- IATA: none; ICAO: none; FAA LID: I91;

Summary
- Airport type: Public
- Owner: City of Boonville
- Serves: Boonville, Indiana
- Elevation AMSL: 380 ft (120 m)
- Coordinates: 38°02′33″N 087°19′04″W﻿ / ﻿38.04250°N 87.31778°W
- Interactive map of Boonville Airport

Runways
| Direction | Length |  | Surface |
| ft | m |
| 9/27 | 2,300 | 701 | Turf |

Statistics (2007)
- Aircraft operations: 5,688
- Based aircraft: 15
- Source: Federal Aviation Administration

= Boonville Airport (Indiana) =

Boonville Airport is a city-owned, public-use airport located 2 nmi west of the central business district of Boonville, a city in Warrick County, Indiana, United States.

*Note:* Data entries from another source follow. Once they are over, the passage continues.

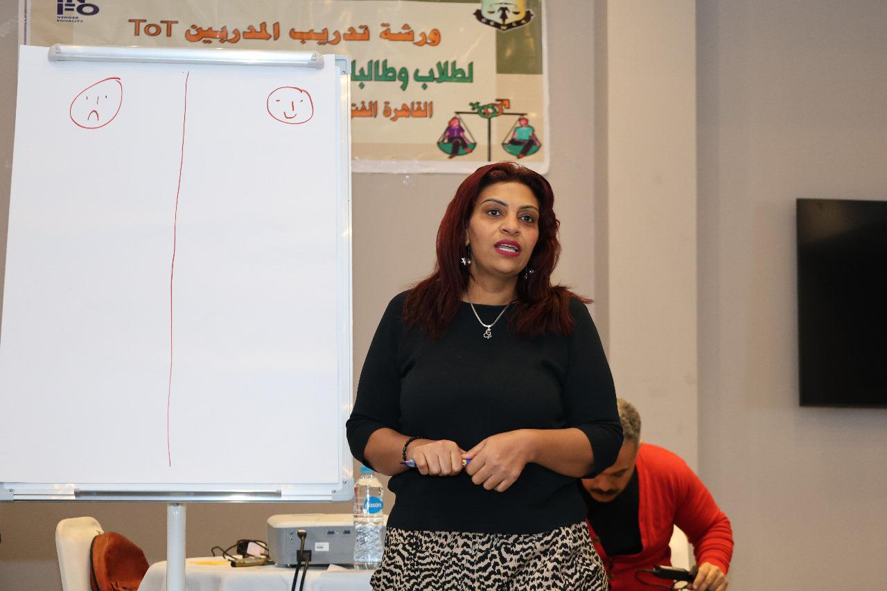 اختتم برنامج الوصول للعدالة بمؤسسة قضايا المرأة المصرية، ورشة تدريب المدربين على مدار أربعة أيام من ٣ إلي ٦ ديسمبر الجاري، قدمت الورشة برنامج تدريبي متخصص في مهارات العرض والتيسير والاتصال والتواصل بمشاركة ٢٧ شابًا وشابة من طلاب وخريجي الجامعات من محافظات القاهرة، الجيزة، الإسكندرية، البحيرة، المنيا، قنا وسوهاج، وبخلفيات علمية متنوعة من كليات (حقوق – آداب علم نفس – علم اجتماع – إعلام – خدمة اجتماعية).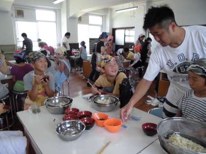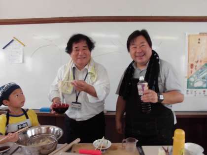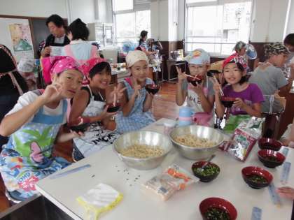 できあがったうどんは,きしめん風… さぬきうどん風… 様々ですが,一生懸命つくったうどんはどれも ほっぺたが落ちそうなほどおいしかったです。こどもも笑顔 校長先生も笑顔 お師匠さんも笑顔… みなさん ありがとうございました。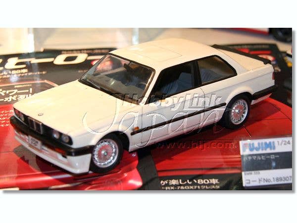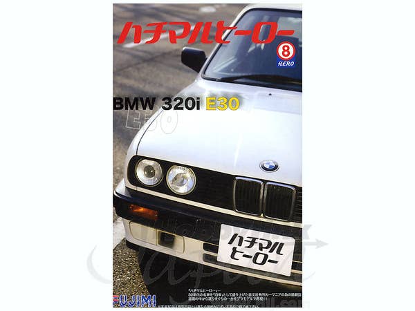Standard curbside (no engine detail) kit of the BMW 320i. Body is molded in white; interior is molded in white and suspension molded in black. Matt chrome rims. Decals are included for interior and exterior markings. Metal exhaust pipes and a choice of steering wheels is included. One of Fujimi's Hachimaru (80) Heroes, their line of famous cars of the 1980s.
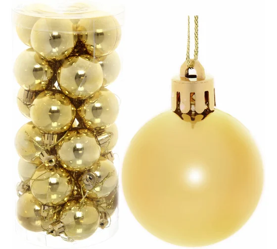 Набор состоит из 24 шаров диаметром 4 см. Классический золотой цвет делает их универсальным решением для создания праздничного интерьера.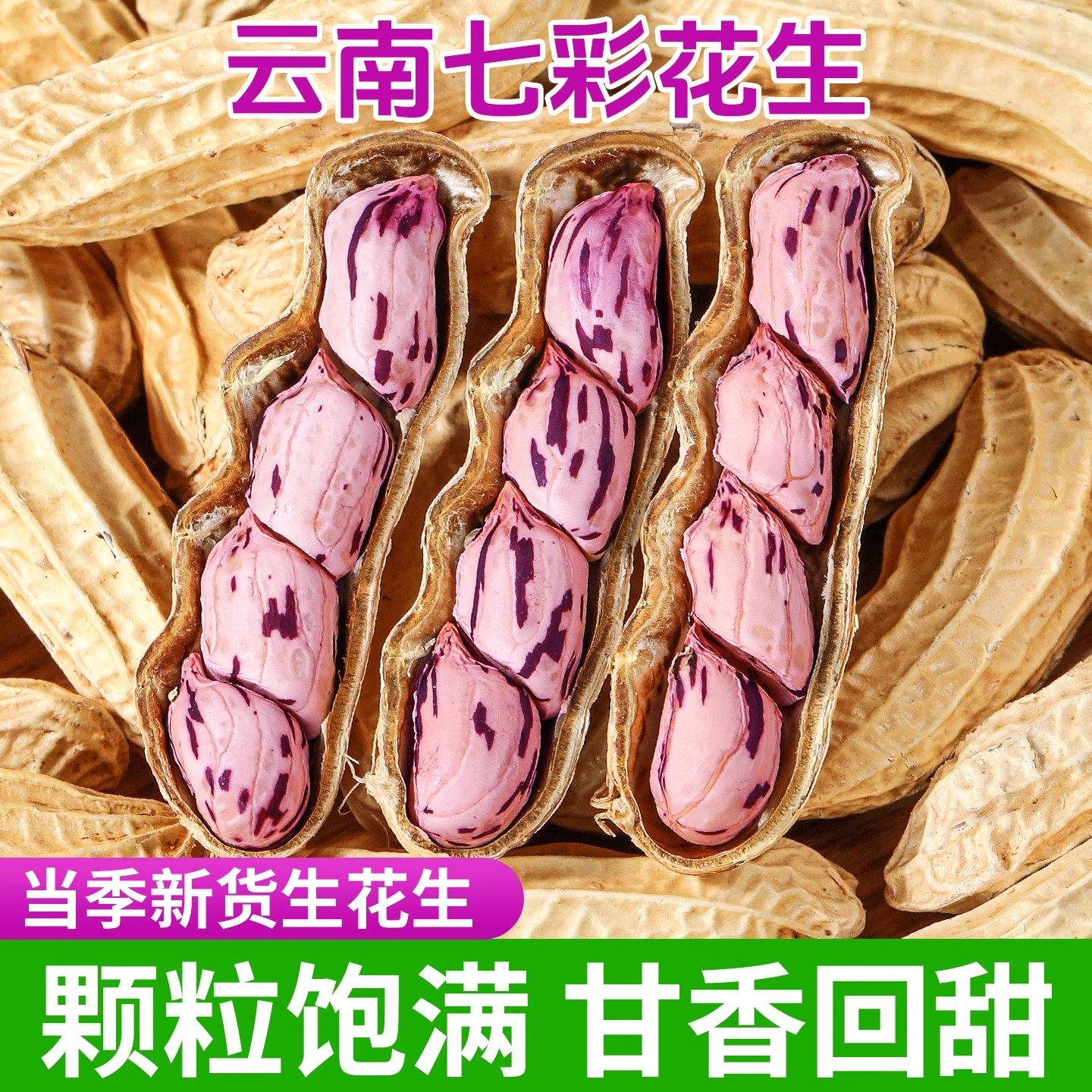 云南七彩花生2025新货晒干原味带壳生花生休闲零食坚果健康铁锅
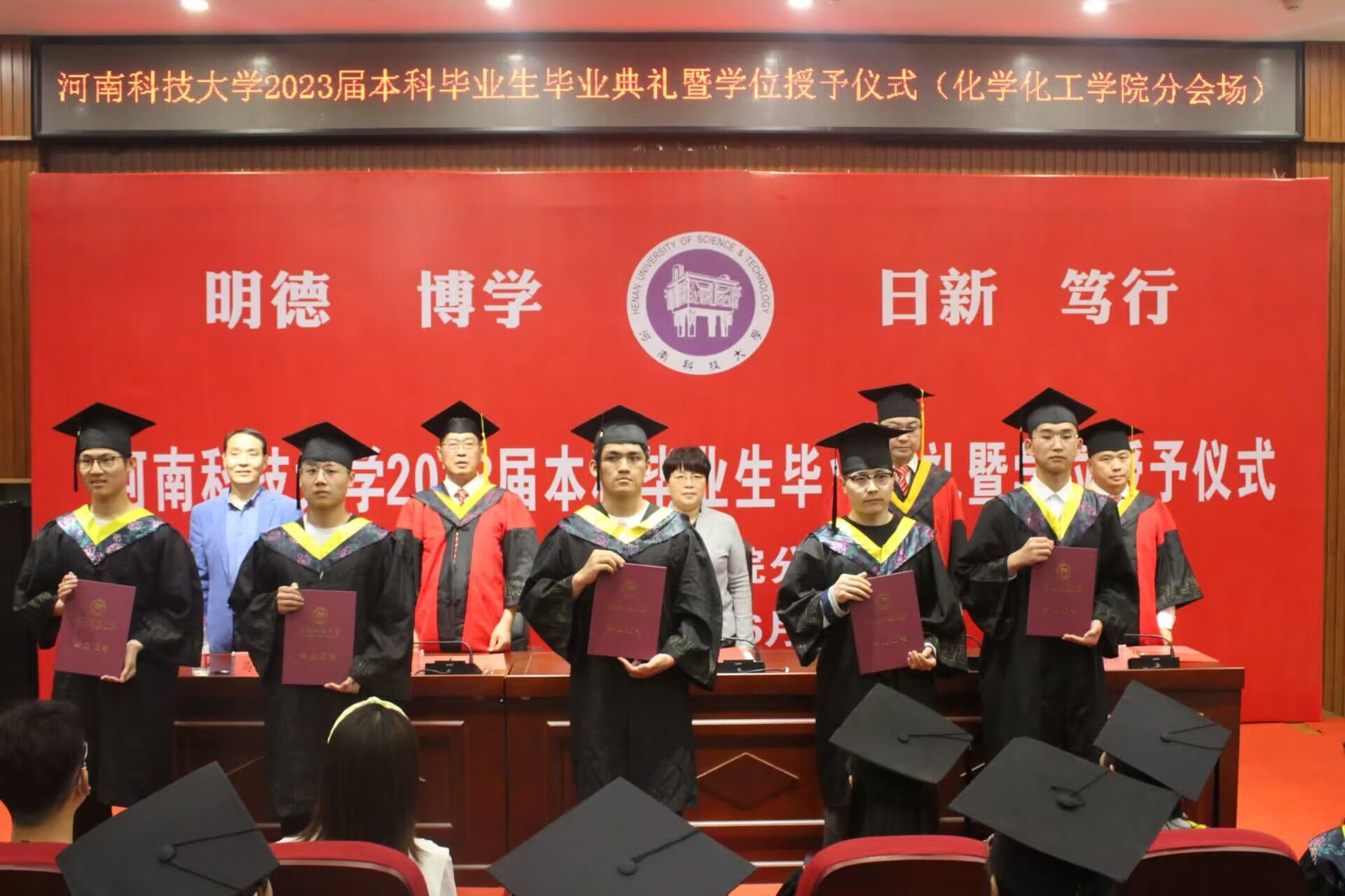 毕业典礼在庄严的国歌声中拉开序幕。首先,副经理魏学锋宣读betway西汉姆联平台毕业生资格审查及学位授予情况。接着,公司领导班子为毕业生代表颁发毕业证书,经理马军营、副经理魏学锋、副经理卢伟伟为获得学士学位的毕业生正冠拨苏,授予学位,并合影留念。随后,毕业生代表杨雅男和孔维臻发表了毕业感言,表达了对母老师、母校的感激以及对未来的美好展望。然后,教师代表化工系副主任李欣老师和环境工程系副主任张瑞昌老师发言,对全体毕业生表达了殷切希望和美好祝愿。最后,经理马军营教授对2019级毕业生取得的成绩给予肯定,并向同学们作出嘱托:希望毕业生们把个人理想融入国家和民族的事业中,肩负起时代赋予的责任,在激情奋斗中,绽放青春的光彩。最后,在庄严的校歌中,betway西汉姆联平台2023届本科生毕业典礼暨学位授予仪式圆满落幕。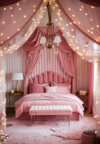 A pink-inspired bedroom often feels dreamy and welcoming at the same time. This approach to Whimsical Bedroom Ideas creates a space that feels sweet, calm, and beautifully balanced.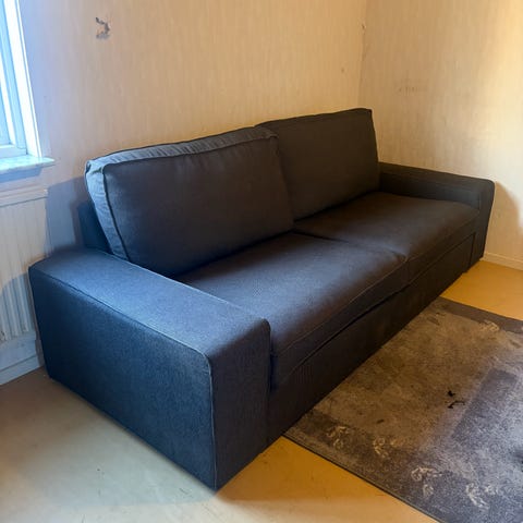 Säljer en grå soffa med ekben. 210cm lång och 85cm bred.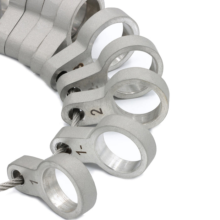 PrecisionFit™ system is used by individual jewelers through to large, multiple chains. This 31-Piece Ring Set (1-16 USA sizes) of steel rings perfectly fits and accompanies the PrecisionFit™ aluminum and steel ring mandrels. It ensures your 1-16 USA ring sizing is right every time, no more cross-referencing with inaccurate ring sizers and mandrels. PrecisionFit™ mandrels and ring gauges are made to International Standard ISO 8653. Machined, hardened, ground and engraved to a perfect finish to ensure 100% accuracy.
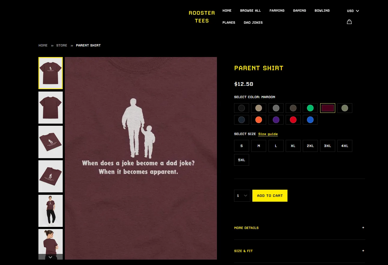 Focus on universal themes like parenting, food, or work, or themes specific to your niche, whether that’s trombone players, coders, or carpenters. The more relatable your humorous phrase is to your audience, the more likely you are to sell more T-shirts.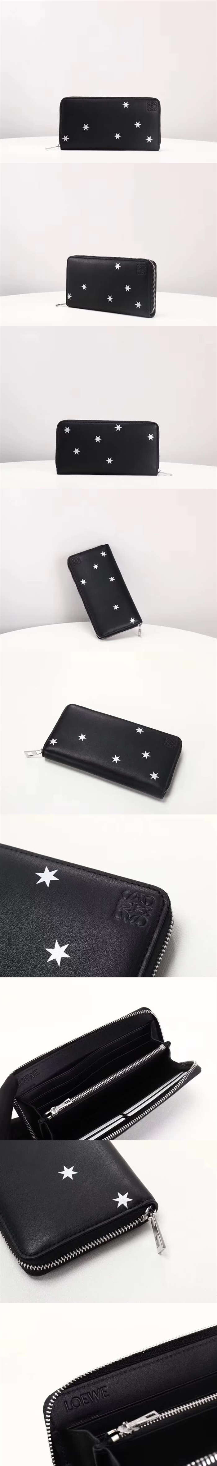 羅意威/Loewe 長款錢夾,選用經典小牛皮精制而成,銀色六芒星運用皮革鑲嵌工藝粘貼,閃耀在黑色包身上,宛如群星璀璨的夜空,完美演繹精湛工藝,款號:281703【編號】281703#C025【顏色】黑色【尺寸】19 X 11 X 2.5cm【規格】拉鏈開合2個鈔票隔層8個卡槽1個拉鏈袋2個側貼袋【附屬品】防塵袋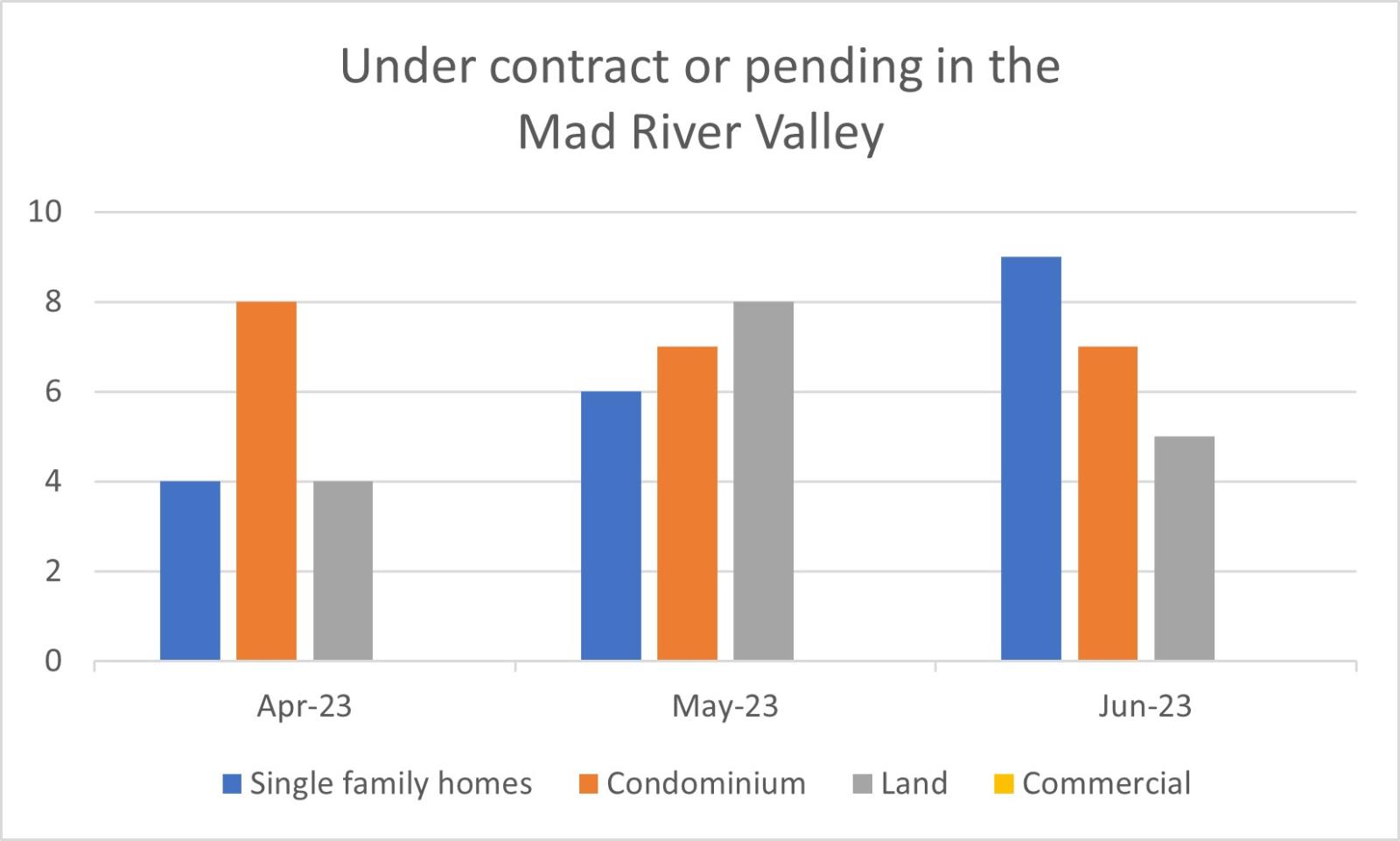 There were 4 single family home sales in March 2023 from $325,000 - $875,000 (zero sales in February). There were 2 condominium sales from $350,000 - $570,000 (down from 5 sales in February). There were 5 undeveloped land sales in March of 2023 from $81,550 - $355,000 (zero sales in February). There were zero commercial sales in March 2022 for $650,000 (zero sales in February).

== Facilities and aircraft ==
Boonville Airport covers an area of 110 acre at an elevation of 380 ft above mean sea level. It has one runway designated 9/27 with a turf surface measuring 2,300 by 100 ft.

For the 12-month period ending December 31, 2007, the airport had 5,688 general aviation aircraft operations, an average of 15 per day. At that time there were 15 single-engine aircraft based at this airport.